Simulating the Decay of Inner Radiation Belt Electrons

Thursday, 18 December 2014
Richard Selesnick1, Jay Albert1, William R Johnston1, James Parker McCollough II1, Xinlin Li2 and Weichao Tu3, (1)Air Force Research Laboratory, Kirtland AFB, NM, United States, (2)University of Colorado at Boulder, Boulder, CO, United States, (3)Los Alamos National Laboratory, Los Alamos, NM, United States
Inner radiation belt electron intensity, for kinetic energies ~100 to 800 keV,
is characterized by occasional rapid injections followed by extended intervals
of steady decay. Observed decay rates at low L are slower than expected on the
basis of scattering and energy loss from Coulomb collisions with atmospheric
neutral atoms and ambient plasma. This discrepancy has been attributed to
steady replenishment of the trapped electrons by inward radial diffusion,
despite the required diffusion coefficient being anomalously high.
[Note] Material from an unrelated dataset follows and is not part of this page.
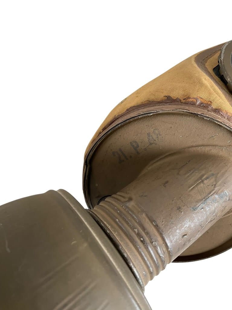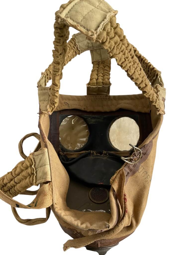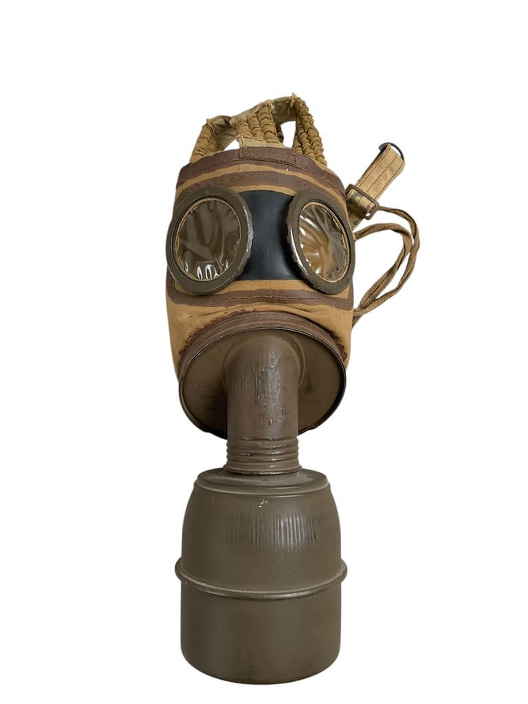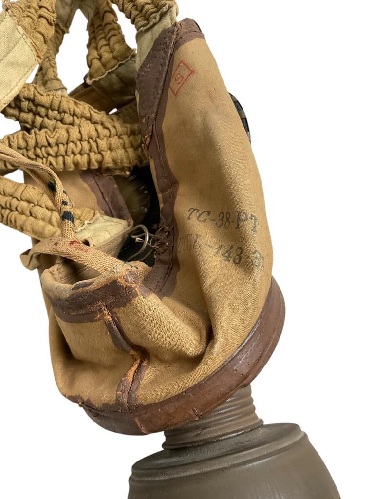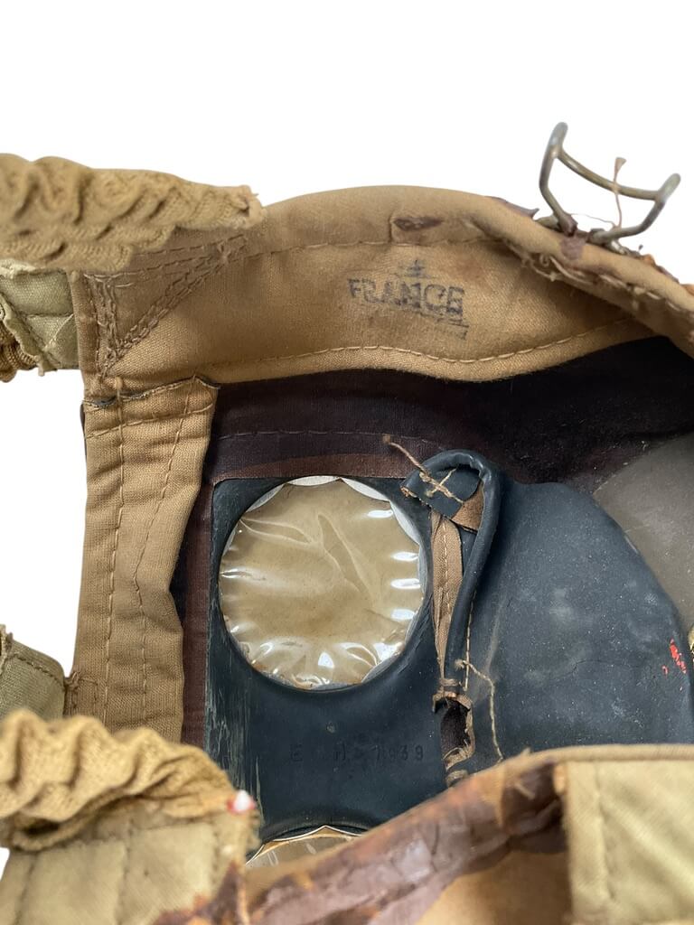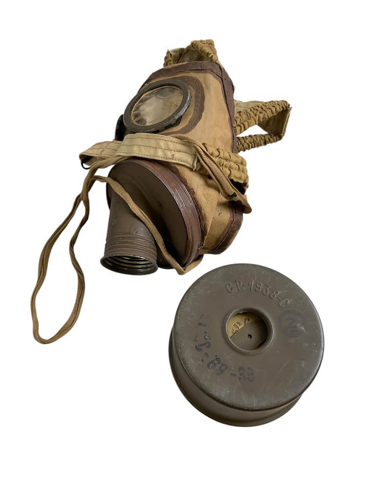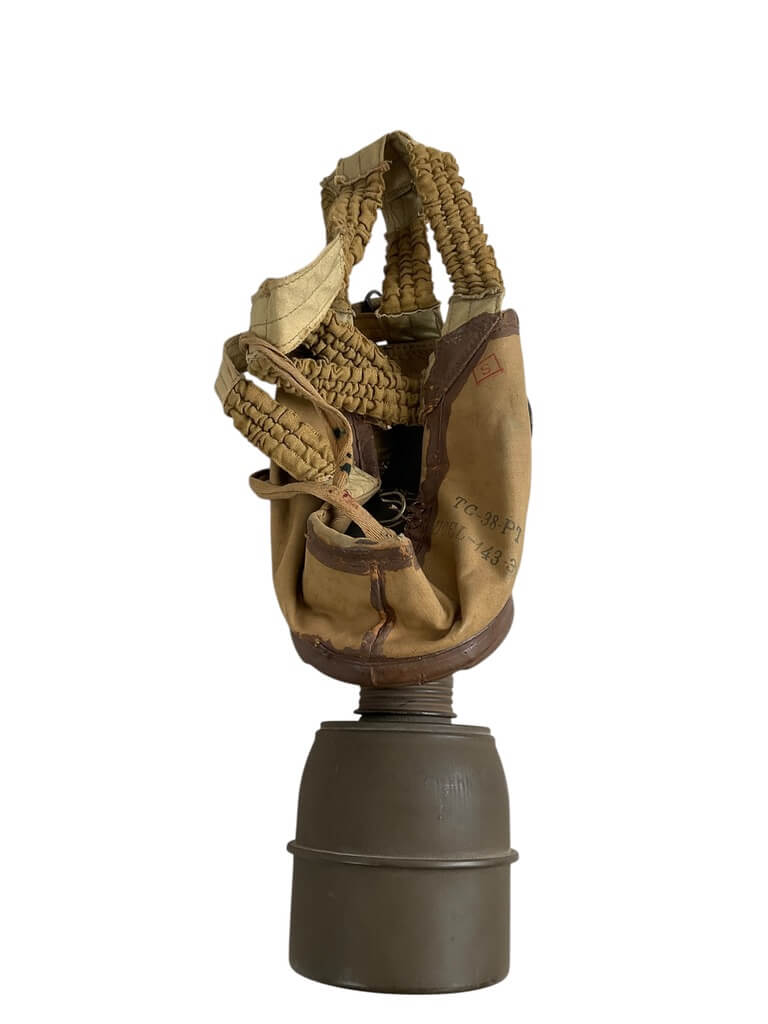 This WWII French TC38 Civil Gas Mask is a remarkable piece of history, offering a glimpse into the realities of life during one of the world’s most tumultuous periods. Developed and used in the late 1930s and throughout the 1940s, this gas mask was designed to protect French civilians from potential gas attacks during the Second World War. The mask comes complete with its original case, adding further historical value to the item. The case provides evidence of careful storage and preservation, contributing to the mask’s overall excellent condition. The utilitarian design and practicality of the TC38 mask highlight the urgency of the era, making it a powerful artifact for collectors and history enthusiasts alike. This authentic piece offers a tangible connection to the past, illuminating the everyday experiences of those living through the war. Its historical significance and well-preserved state make it an invaluable acquisition.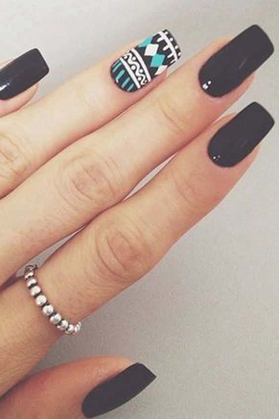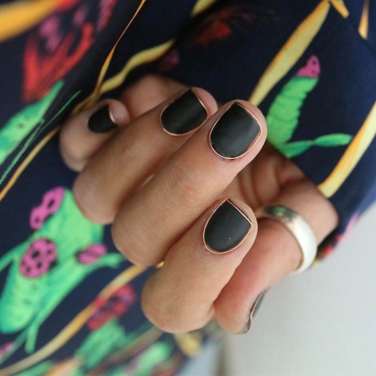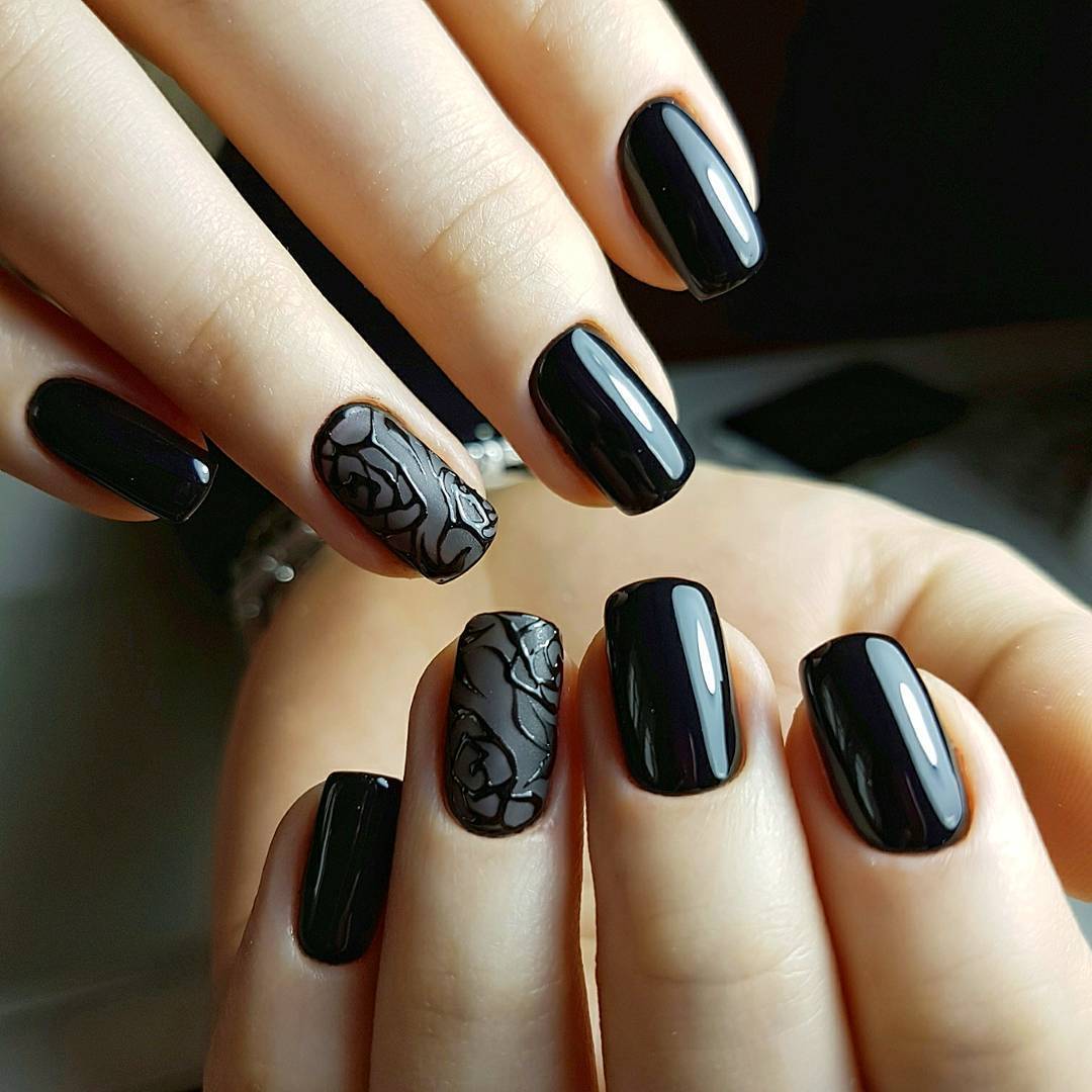Un avantage significatif du noir profond est la possibilité de combiner facilement avec une grande variété de couleurs. Cette dignité de couleur impénétrable a déjà été appréciée par de nombreux experts dans le domaine du nail art. Parfaitement nuances de la couleur sombre en appliquant un vernis d'une nuance différente sur un ongle.

Theoretical
decay rate predictions have depended on a simplified diffusive formulation of
pitch angle scattering combined with a steady or fluctuating rate of energy
loss. In fact, these two processes occur in jumps, caused by collisions with
atomic nuclei and bound or free electrons respectively. Here we describe a
Monte Carlo simulation of inner belt electron decay including true
jump-process scattering and energy loss. Results are compared to those from
diffusive simulations with emphasis on the role of range straggling, which has
not been considered previously. The necessity for inward radial diffusion or
an alternative local electron source will be reassessed.